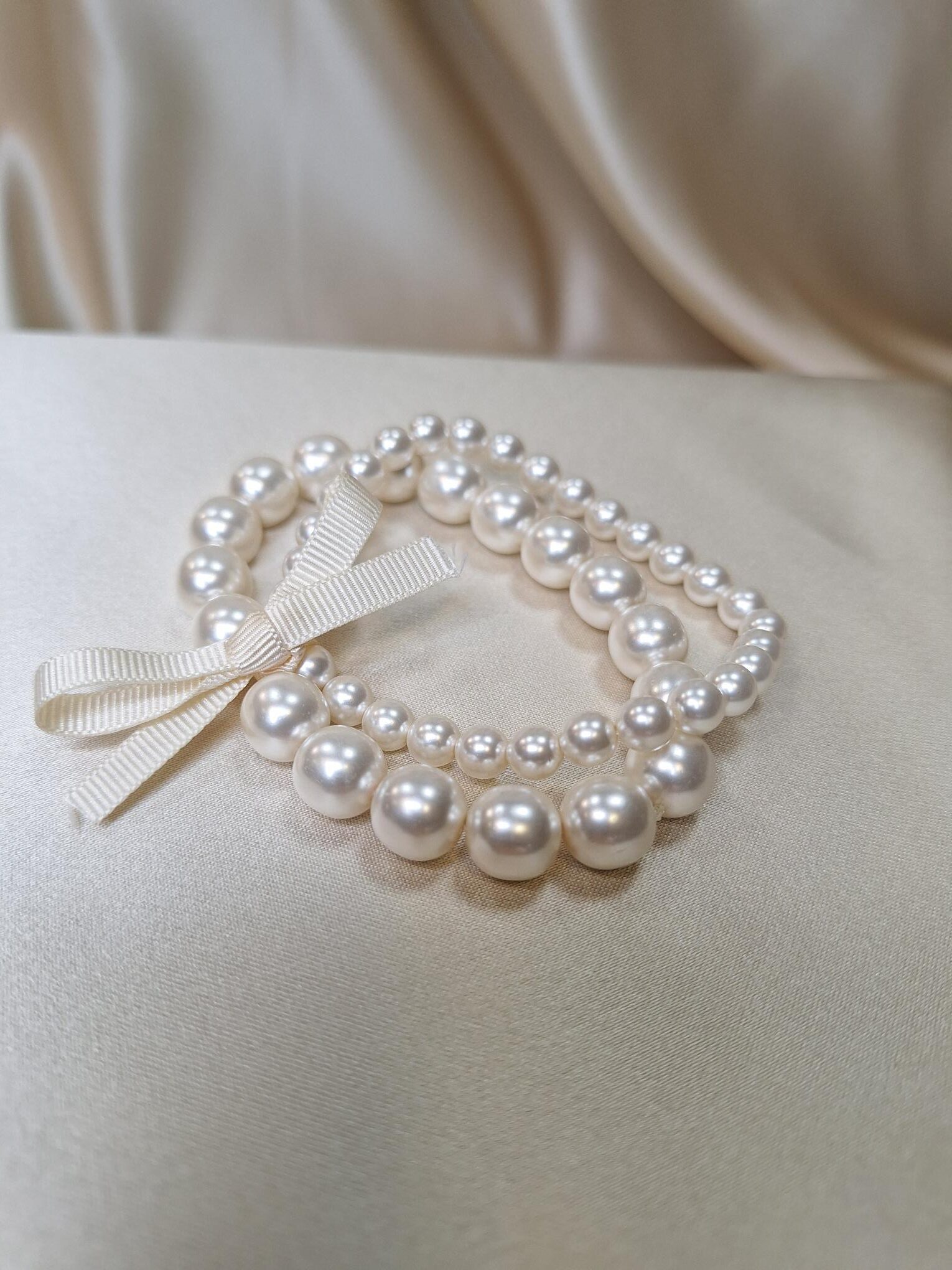 Designed for a city-chic goddess, we love this double layer strand pearl bracelet. The blush grosgrain bow just completes it.
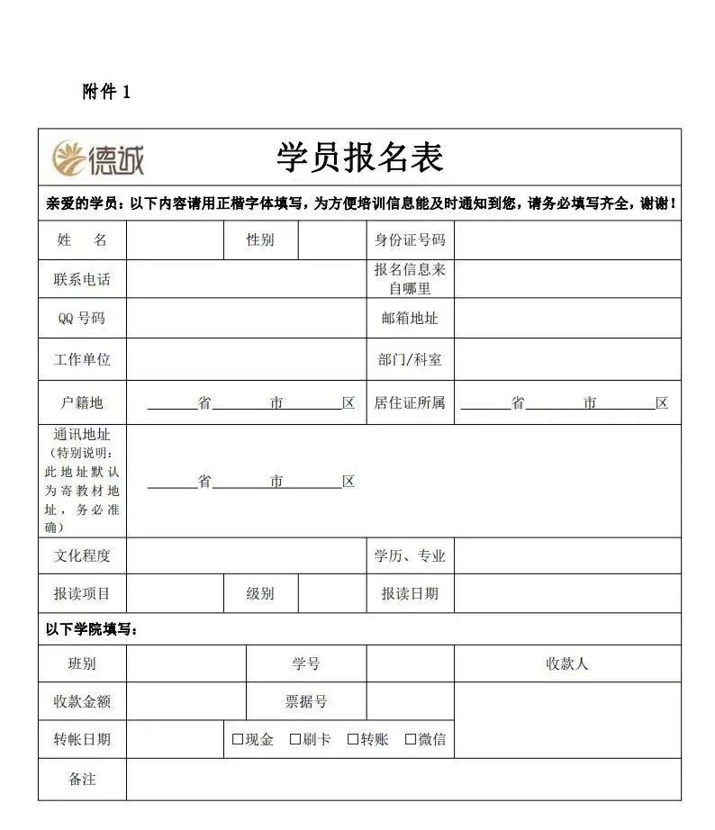 1、德誠學院《學員報名表》
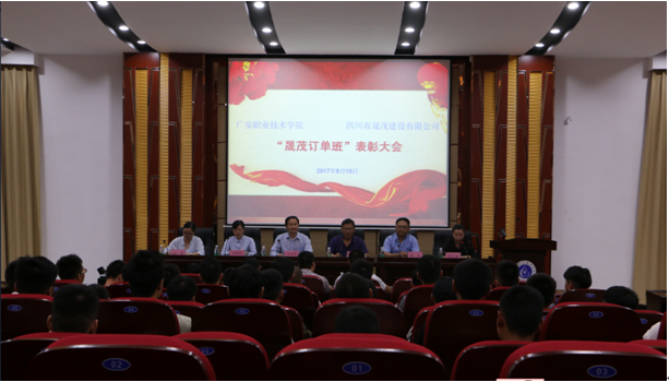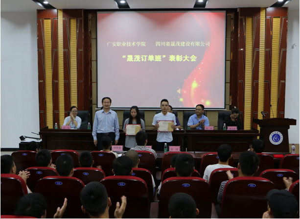 2017年9月19日下午16:30,广安职业技术学院www.国产精品在明德楼希贤厅召开召开“晟茂订单班”优秀学生表彰大会。四川省晟茂建设有限公司人力行政总监李权生、四川省晟茂建设有限公司招聘培训主管缪皓洁、学校对外交流与合作处处长蒋华、www.国产精品全体教师、15级晟茂订单班全体学生参加了此次大会。会议由www.国产精品办公室主任蒋艺溱主持。
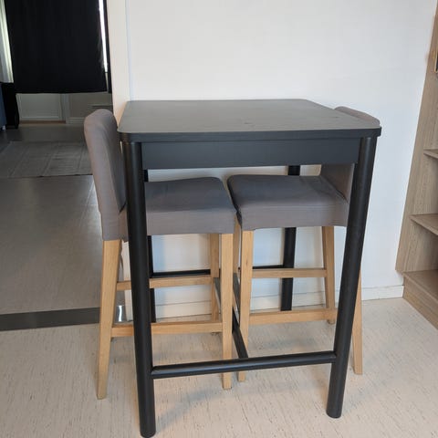Barbord i eik/glass 70x70 cm bordplate og 105 cm høyt .+ 2 barstoler
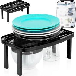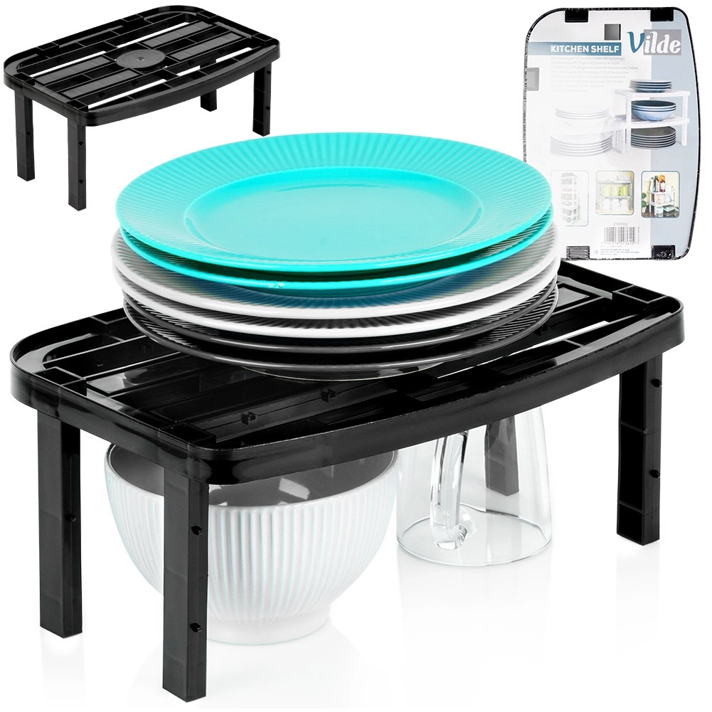 Raft de bucătărie practic, în eleganta culoare neagră, care ajută la maximizarea spațiului de depozitare în dulapuri și pe blatul de lucru. Datorită picioarelor interschimbabile în două lungimi, setați ușor înălțimea la 14,5 cm sau 11,5 cm. Ideal pentru organizarea farfuriilor, cănilor, condimentelor și recipientelor; structura stabilă și durabilă permite și stivuirea mai multor rafturi pentru o organizare și mai bună.
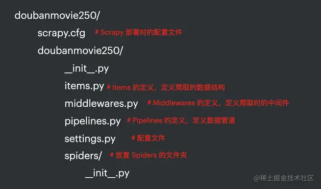 创建一个 Scrapy 项目,项目文件可以直接用 scrapy 命令生成,命令如下所示:scrapy startproject doubanmovie250 这个命令可以在任意文件夹运行。如果提示权限问题,可以加 sudo 运行该命令。这个命令将会创建一个名为 doubanmovie250 的文件夹,文件夹结构如下所示:
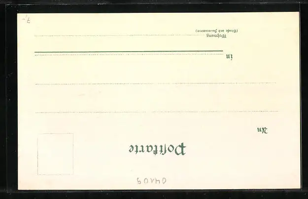 Personenbezogene Daten auf der Rückseite der Karte wurden durch blauen Textmarker unkenntlich gemacht. Die blauen Stellen sind auf die Vorderseite durchgeweicht und wirken sich negativ auf das Postkartenfoto aus
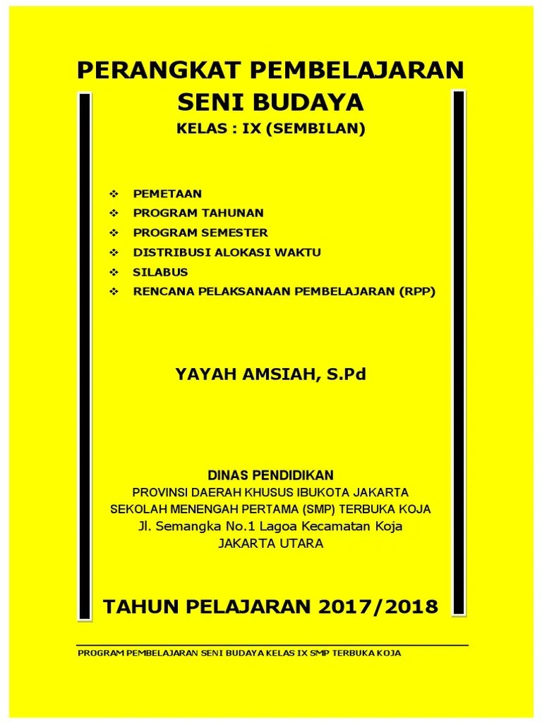 Download silabus seni budaya smp/mts kelas 7,8,9 kurikulum k13 sesuai dengan revisi terbaru untuk membantu bapak/ibu guru dalam . 2 2 dan / mapel seni budaya. Rencana pelaksanaan pembelajaran (rpp) adalah rencana kegiatan pembelajaran tatap muka untuk satu pertemuan . Rpp dan silabus seni budaya smp kelas vii, viii, ix lengkap kurikulum ktsp program semester (promes), program tahunan (prota), pemetaan, dan kkm. Buku seni budaya kelas 9 3 smp ktsp 2006 erlangga.

· · · · · · ·

WORK TO COMPLETE » Copy all of the data above exactly. Leave out every picture.

EXERCISE OUTPUT »
 Designed for a city-chic goddess, we love this double layer strand pearl bracelet. The blush grosgrain bow just completes it.
 1、德誠學院《學員報名表》
 2017年9月19日下午16:30,广安职业技术学院www.国产精品在明德楼希贤厅召开召开“晟茂订单班”优秀学生表彰大会。四川省晟茂建设有限公司人力行政总监李权生、四川省晟茂建设有限公司招聘培训主管缪皓洁、学校对外交流与合作处处长蒋华、www.国产精品全体教师、15级晟茂订单班全体学生参加了此次大会。会议由www.国产精品办公室主任蒋艺溱主持。
Barbord i eik/glass 70x70 cm bordplate og 105 cm høyt .+ 2 barstoler
 Raft de bucătărie practic, în eleganta culoare neagră, care ajută la maximizarea spațiului de depozitare în dulapuri și pe blatul de lucru. Datorită picioarelor interschimbabile în două lungimi, setați ușor înălțimea la 14,5 cm sau 11,5 cm. Ideal pentru organizarea farfuriilor, cănilor, condimentelor și recipientelor; structura stabilă și durabilă permite și stivuirea mai multor rafturi pentru o organizare și mai bună.
 创建一个 Scrapy 项目,项目文件可以直接用 scrapy 命令生成,命令如下所示:scrapy startproject doubanmovie250 这个命令可以在任意文件夹运行。如果提示权限问题,可以加 sudo 运行该命令。这个命令将会创建一个名为 doubanmovie250 的文件夹,文件夹结构如下所示:
 Personenbezogene Daten auf der Rückseite der Karte wurden durch blauen Textmarker unkenntlich gemacht. Die blauen Stellen sind auf die Vorderseite durchgeweicht und wirken sich negativ auf das Postkartenfoto aus
 Download silabus seni budaya smp/mts kelas 7,8,9 kurikulum k13 sesuai dengan revisi terbaru untuk membantu bapak/ibu guru dalam . 2 2 dan / mapel seni budaya. Rencana pelaksanaan pembelajaran (rpp) adalah rencana kegiatan pembelajaran tatap muka untuk satu pertemuan . Rpp dan silabus seni budaya smp kelas vii, viii, ix lengkap kurikulum ktsp program semester (promes), program tahunan (prota), pemetaan, dan kkm. Buku seni budaya kelas 9 3 smp ktsp 2006 erlangga.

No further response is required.